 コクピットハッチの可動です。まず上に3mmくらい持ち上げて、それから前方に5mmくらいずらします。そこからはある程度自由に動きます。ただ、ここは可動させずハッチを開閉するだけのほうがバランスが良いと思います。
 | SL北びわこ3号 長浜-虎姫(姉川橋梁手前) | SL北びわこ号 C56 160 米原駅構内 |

==

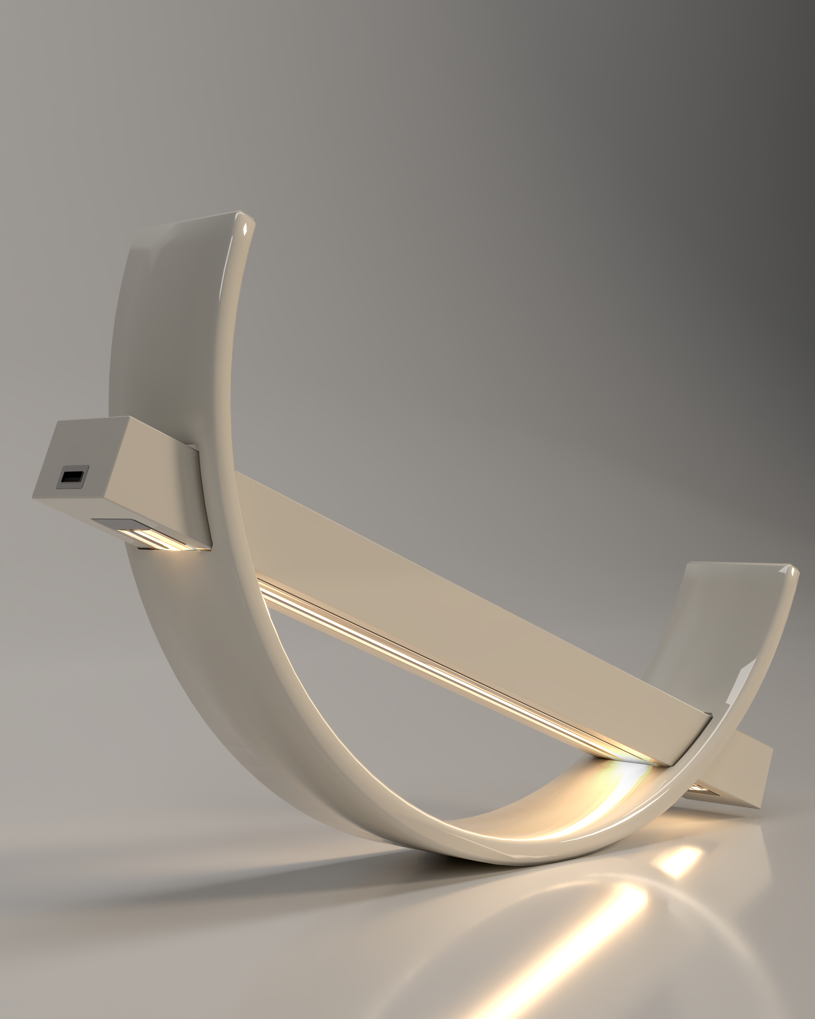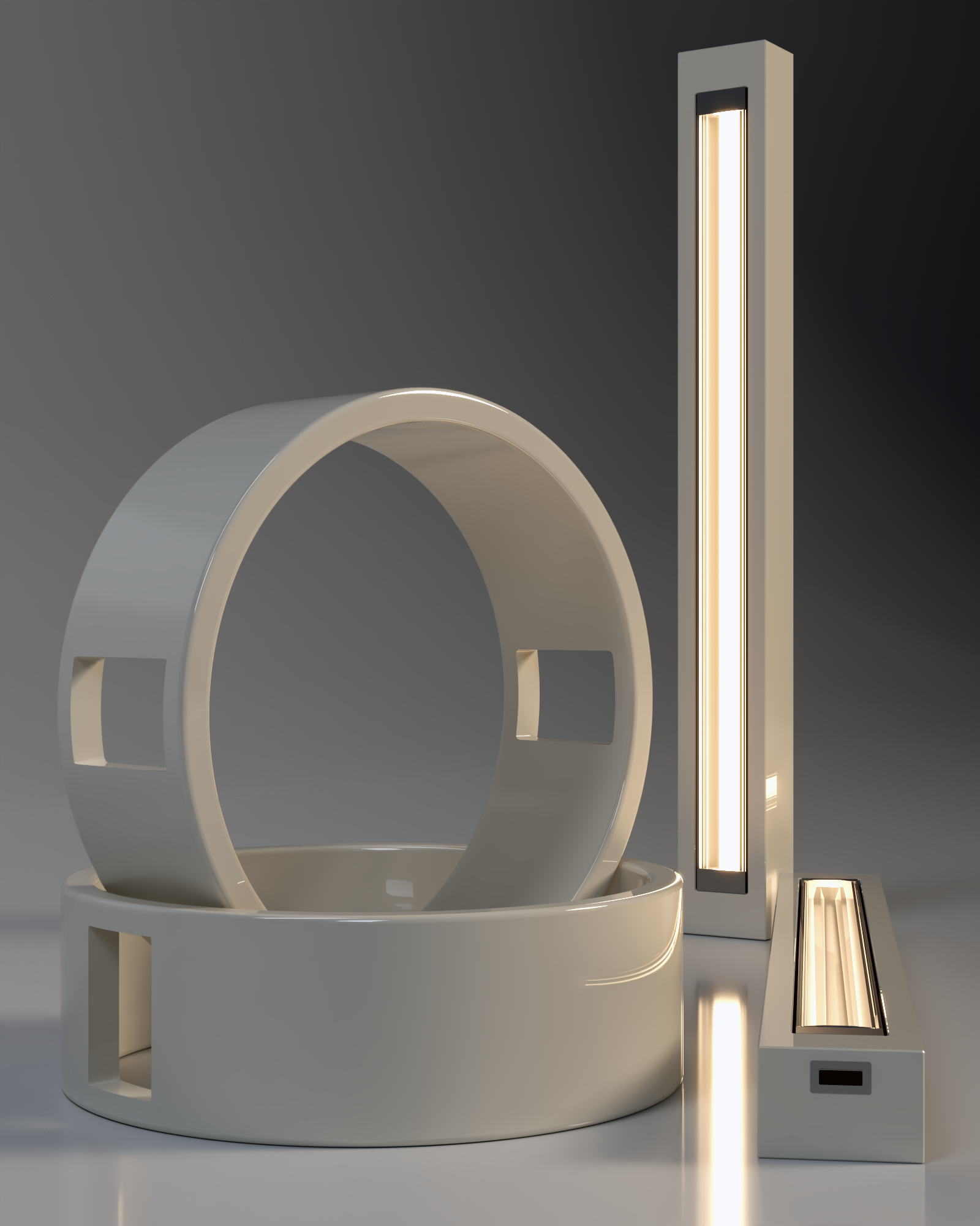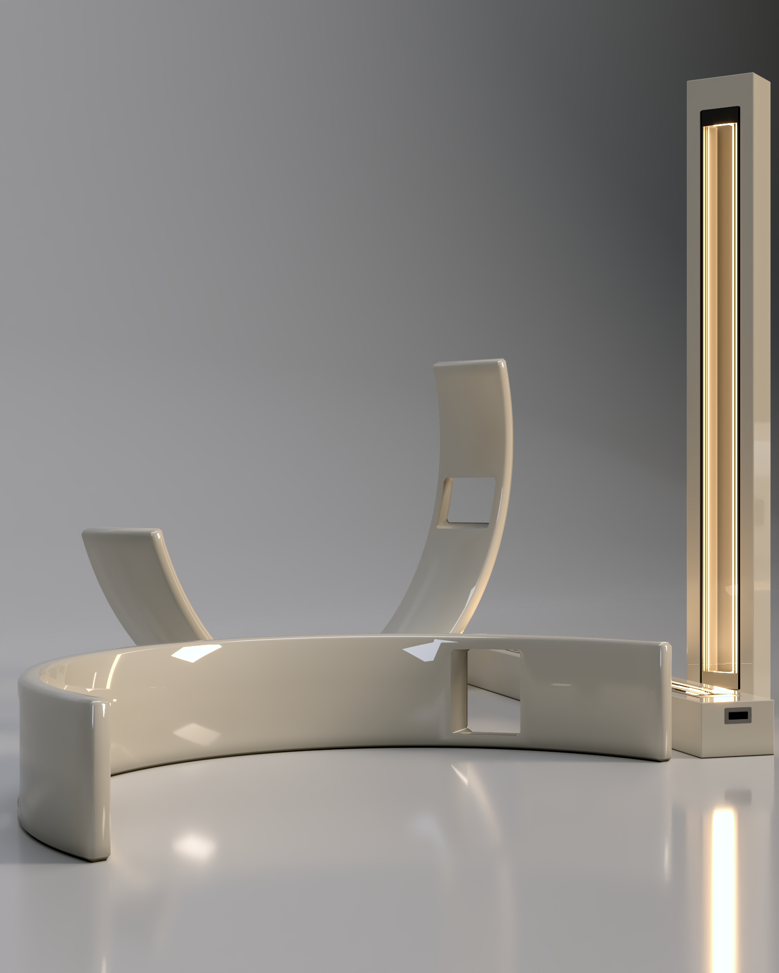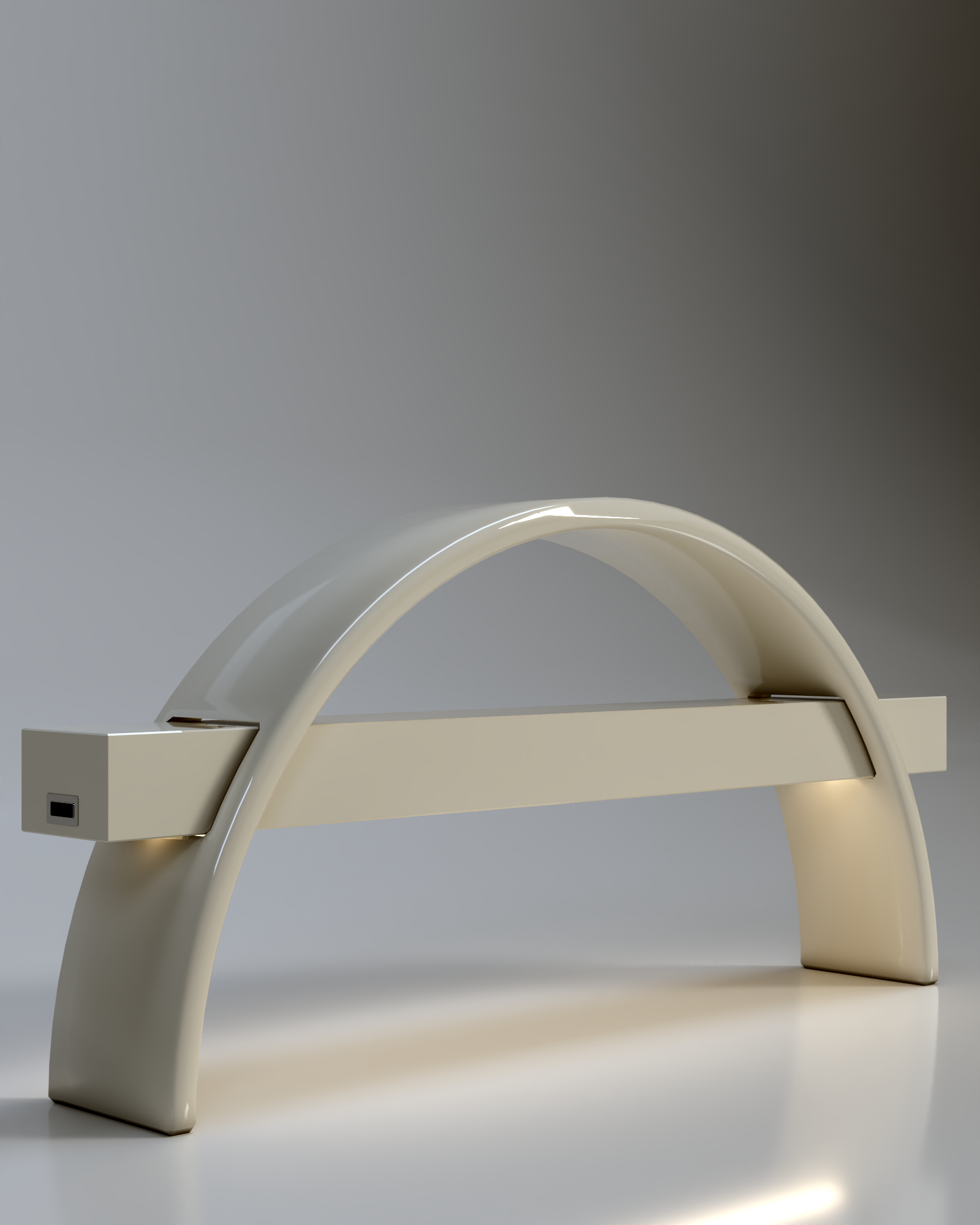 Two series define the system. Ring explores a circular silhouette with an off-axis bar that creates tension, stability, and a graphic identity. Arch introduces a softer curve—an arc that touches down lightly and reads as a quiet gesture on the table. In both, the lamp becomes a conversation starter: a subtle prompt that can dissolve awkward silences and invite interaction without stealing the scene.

What to do – Print the lines above from the one with "コクピットハッチの可動です。" through the one with "160 米原駅構内 |", both included, exactly as written and nothing more.

Written answer –
 コクピットハッチの可動です。まず上に3mmくらい持ち上げて、それから前方に5mmくらいずらします。そこからはある程度自由に動きます。ただ、ここは可動させずハッチを開閉するだけのほうがバランスが良いと思います。
 | SL北びわこ3号 長浜-虎姫(姉川橋梁手前) | SL北びわこ号 C56 160 米原駅構内 |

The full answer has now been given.